DATA EXCERPTS —

*** Block opens ***

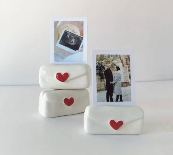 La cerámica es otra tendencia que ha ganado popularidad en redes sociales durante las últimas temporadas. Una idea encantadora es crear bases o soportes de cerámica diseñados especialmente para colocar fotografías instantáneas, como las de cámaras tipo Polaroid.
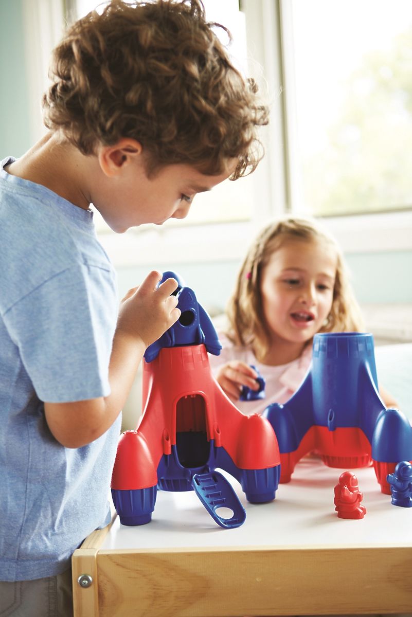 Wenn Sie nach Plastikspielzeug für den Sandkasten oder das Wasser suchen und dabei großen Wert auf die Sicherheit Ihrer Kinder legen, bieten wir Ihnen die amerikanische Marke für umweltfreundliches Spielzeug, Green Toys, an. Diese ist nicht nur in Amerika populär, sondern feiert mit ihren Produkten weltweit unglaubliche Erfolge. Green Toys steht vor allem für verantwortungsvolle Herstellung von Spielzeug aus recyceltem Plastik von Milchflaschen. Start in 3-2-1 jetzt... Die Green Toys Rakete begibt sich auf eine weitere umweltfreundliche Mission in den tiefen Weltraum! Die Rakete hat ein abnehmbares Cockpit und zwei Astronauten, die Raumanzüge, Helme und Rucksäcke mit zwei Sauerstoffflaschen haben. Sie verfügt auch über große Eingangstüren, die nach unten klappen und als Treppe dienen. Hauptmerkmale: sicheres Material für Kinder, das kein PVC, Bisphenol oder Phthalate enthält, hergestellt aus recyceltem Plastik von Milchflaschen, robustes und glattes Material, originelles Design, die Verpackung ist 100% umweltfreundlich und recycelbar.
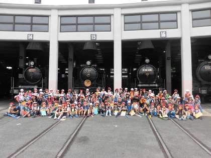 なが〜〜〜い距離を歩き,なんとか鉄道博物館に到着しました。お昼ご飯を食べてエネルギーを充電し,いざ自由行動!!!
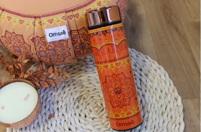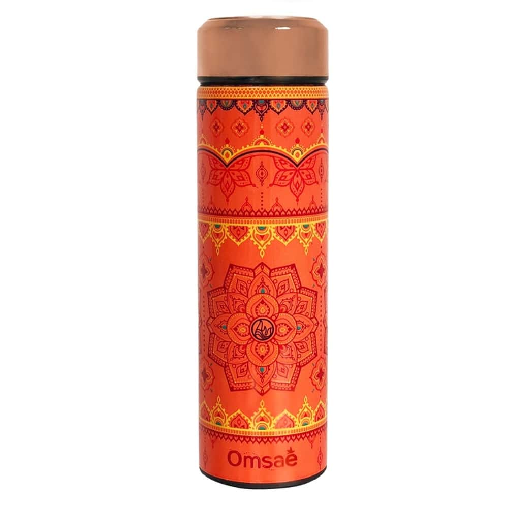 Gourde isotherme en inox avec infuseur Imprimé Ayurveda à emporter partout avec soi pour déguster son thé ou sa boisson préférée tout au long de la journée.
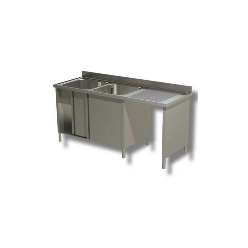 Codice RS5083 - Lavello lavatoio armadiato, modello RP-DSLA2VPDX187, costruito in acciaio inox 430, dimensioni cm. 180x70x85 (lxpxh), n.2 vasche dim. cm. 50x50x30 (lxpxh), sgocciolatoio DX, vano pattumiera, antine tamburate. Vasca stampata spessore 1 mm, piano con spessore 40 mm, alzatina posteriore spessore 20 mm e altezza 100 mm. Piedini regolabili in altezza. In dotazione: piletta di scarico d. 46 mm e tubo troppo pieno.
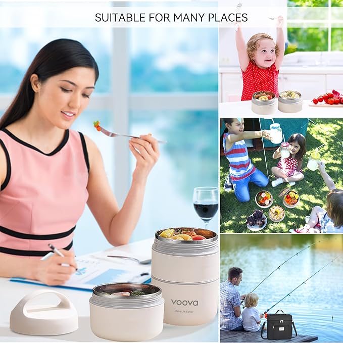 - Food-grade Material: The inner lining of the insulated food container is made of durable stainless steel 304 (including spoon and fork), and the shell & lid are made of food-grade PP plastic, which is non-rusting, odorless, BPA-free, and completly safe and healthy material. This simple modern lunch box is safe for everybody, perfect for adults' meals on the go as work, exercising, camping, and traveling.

*** Block closes ***
*** Block opens ***

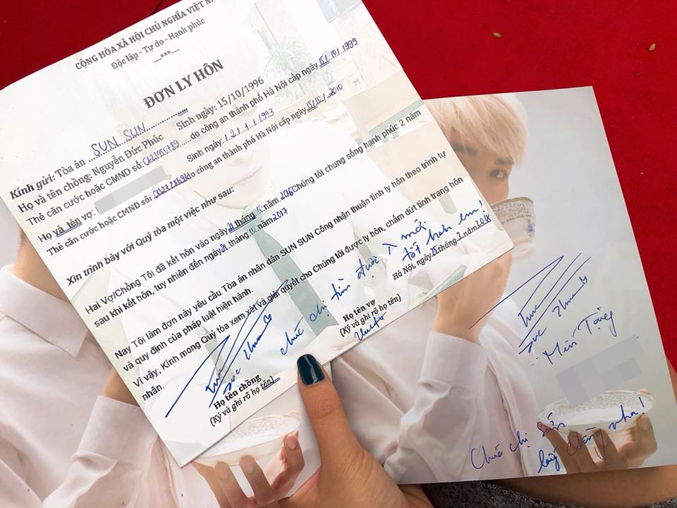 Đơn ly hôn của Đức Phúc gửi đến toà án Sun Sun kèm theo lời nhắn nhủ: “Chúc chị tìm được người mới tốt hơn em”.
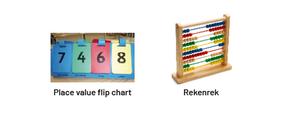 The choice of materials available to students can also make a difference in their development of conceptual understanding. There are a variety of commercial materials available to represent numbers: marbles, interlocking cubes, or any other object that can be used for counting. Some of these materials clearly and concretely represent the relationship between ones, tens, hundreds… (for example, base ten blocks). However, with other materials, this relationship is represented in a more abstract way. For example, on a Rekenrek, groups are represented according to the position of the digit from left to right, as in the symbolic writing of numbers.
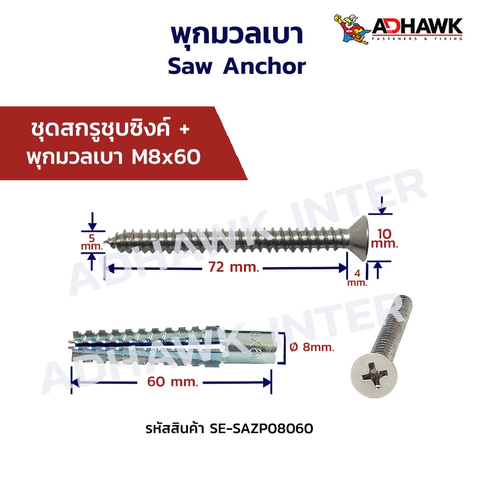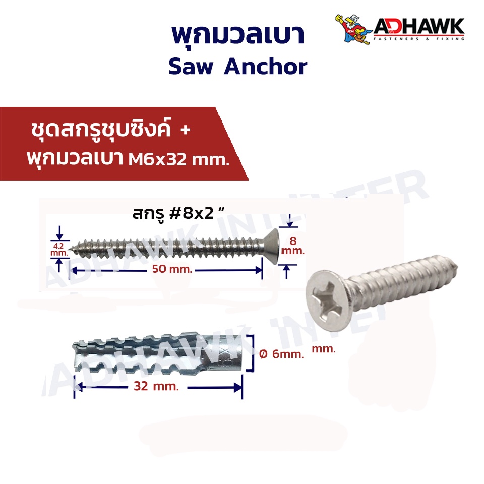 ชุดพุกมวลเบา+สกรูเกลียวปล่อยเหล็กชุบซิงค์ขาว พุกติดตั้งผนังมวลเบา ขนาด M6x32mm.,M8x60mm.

*** Block closes ***
*** Block opens ***

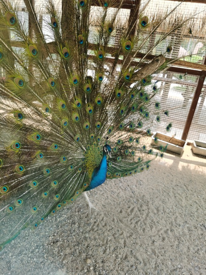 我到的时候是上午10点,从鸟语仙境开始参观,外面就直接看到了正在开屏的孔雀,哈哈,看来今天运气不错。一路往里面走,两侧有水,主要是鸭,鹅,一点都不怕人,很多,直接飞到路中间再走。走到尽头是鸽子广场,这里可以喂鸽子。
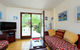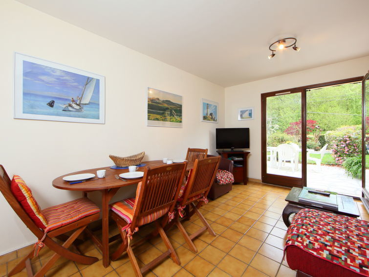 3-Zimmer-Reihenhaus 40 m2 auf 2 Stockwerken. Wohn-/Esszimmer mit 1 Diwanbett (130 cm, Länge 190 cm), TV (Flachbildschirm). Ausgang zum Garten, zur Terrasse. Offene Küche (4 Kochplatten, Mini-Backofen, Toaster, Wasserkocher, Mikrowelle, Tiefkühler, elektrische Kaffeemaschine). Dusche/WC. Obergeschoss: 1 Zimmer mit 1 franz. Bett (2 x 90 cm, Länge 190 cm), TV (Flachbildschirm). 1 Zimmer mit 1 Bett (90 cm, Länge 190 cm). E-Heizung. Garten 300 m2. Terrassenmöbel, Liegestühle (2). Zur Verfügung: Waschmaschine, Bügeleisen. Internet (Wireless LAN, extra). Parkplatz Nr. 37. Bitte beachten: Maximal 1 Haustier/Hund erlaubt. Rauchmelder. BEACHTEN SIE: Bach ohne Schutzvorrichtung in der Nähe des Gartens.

*** Block closes ***

DESCRIPTION OF THE TASK — Starting with the line that has "Đơn ly hôn của" and ending with the line that has "พุกติดตั้งผนังมวลเบา ขนาด M6x32mm.,M8x60mm.", repeat the lines above exactly, omitting every picture.

TASK OUTPUT —
 Đơn ly hôn của Đức Phúc gửi đến toà án Sun Sun kèm theo lời nhắn nhủ: “Chúc chị tìm được người mới tốt hơn em”.
 The choice of materials available to students can also make a difference in their development of conceptual understanding. There are a variety of commercial materials available to represent numbers: marbles, interlocking cubes, or any other object that can be used for counting. Some of these materials clearly and concretely represent the relationship between ones, tens, hundreds… (for example, base ten blocks). However, with other materials, this relationship is represented in a more abstract way. For example, on a Rekenrek, groups are represented according to the position of the digit from left to right, as in the symbolic writing of numbers.
 ชุดพุกมวลเบา+สกรูเกลียวปล่อยเหล็กชุบซิงค์ขาว พุกติดตั้งผนังมวลเบา ขนาด M6x32mm.,M8x60mm.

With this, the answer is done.